When she handed him her glass, he asked, “What about you? Tell me the story of your life.”
“Bor-ring. I got a master’s in art history—heaven only knows why except that I’ve loved art all my life. I eloped with a guy who had big dreams and no discipline. I stuck with him through six years and so many infidelities
I lost count, and when I couldn’t take it any longer, I quit and came home to my family to lick my wounds.”
“How could any man in his right mind be unfaithful to you?”
“Travis would have been unfaithful to Cleopatra. She would have chopped off his head, which is what I should have done.”
“You say you came home. Where from?”
“New York. A job I loved, friends I adored, a city that thrilled me.”
“So why’d you leave? I mean, a divorce doesn’t necessarily mean you uproot your whole life, does it?”
“I’m basically a country girl. Besides, I like things clean. I still get the excitement when I do a job in a big city, but when I do I’m living on an expense account. That’s a bunch better than a cold-water walk-up. Where did you live before?”
“A high-rise in New Jersey.” He put his glass on the coffee table and took a deep breath. “Look,” he said, “I don’t know what I’ve done to upset you, but I wish to God you’d tell me so I can fix it. Here we sit talking like total strangers with a four-foot coffee table between us when what I want to do is haul you out of that chair and into my arms. Maybe I should just do it and stop asking permission.”

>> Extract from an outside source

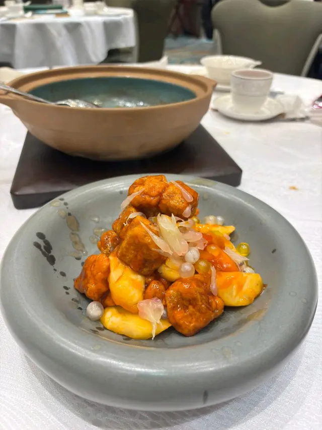 金磚滑豆腐($98):豆腐粒當真如餸名般呈金磚狀,食落外層香脆心嫩滑,微辣惹味,送酒一流!
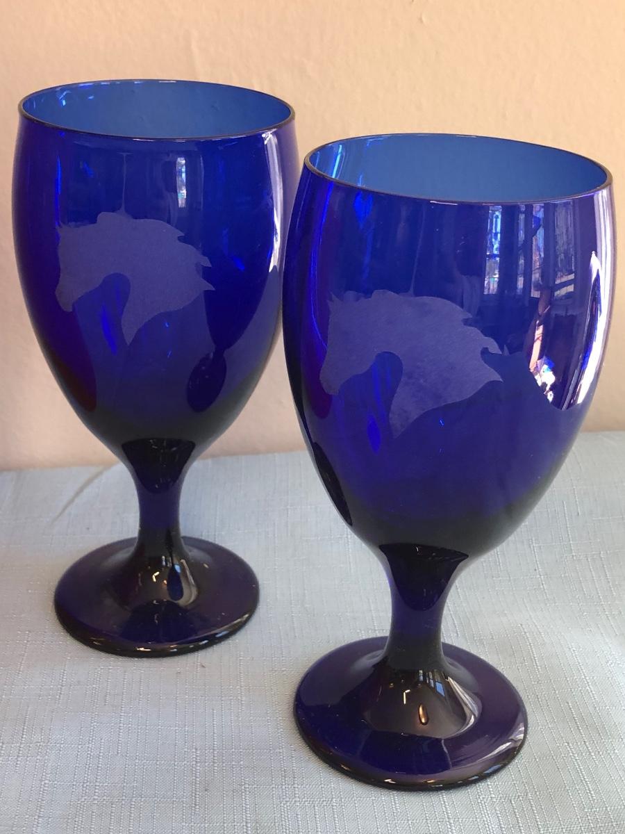 LOT 264M: The Brandywiners, Ltd. Glasses, Etched Horse Wine Glasses, Stainless Steel Silverware, Vegetable Dish & More

She jumped up and set her glass on the kitchen bar. “You haven’t done anything. It’s me. I look at you and I think what could you possibly see in a country girl like me, anyway?”
He had her in his arms before she could turn around. He swung her to face him and wrapped her so tightly that her hands came up against his chest. “What did that bastard you married do to you? How could you not know that you’re the most beautiful, the most desirable—”
“Stop.”
He kissed her. Fiercely at first to capture her lips. Then he tasted her gently, sweetly, savoring the white wine that still lingered on her tongue, gently nibbling that sensuous lower lip, kissing her eyes, then drawing his lips along her cheekbone to her throat.

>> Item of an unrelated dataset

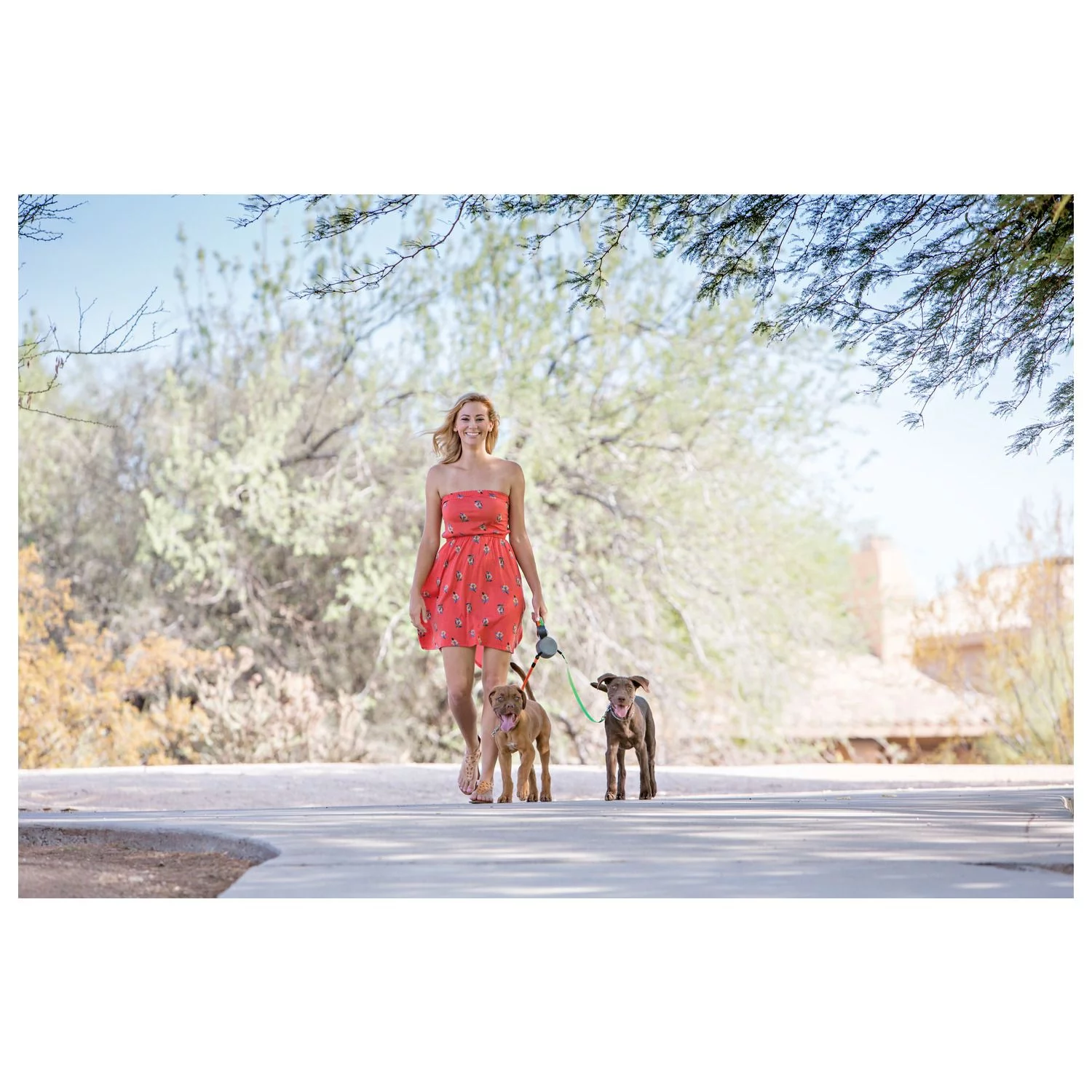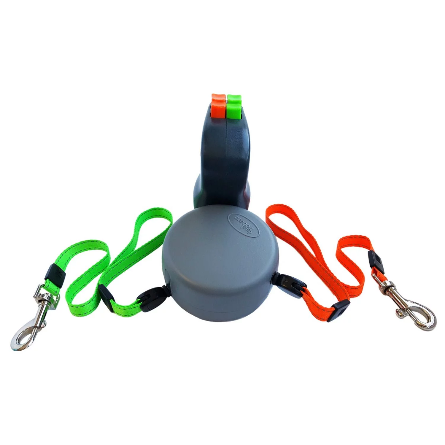 Deze anti-klit oprolbare riem geeft je de mogelijkheid om twee honden tegelijkertijd uit te laten terwijl je beiden honden individueel onder controle heeft!

After a moment’s resistance she came to him. She felt so soft. Women had no idea how exciting that softness was to a man. He fought with his conscience for all of thirty seconds. His conscience lost.
ANN KNEW she shouldn’t be kissing Paul. She’d made herself promise to keep him at arm’s length. But it had been so long since a man had held her in his arms, kissed her.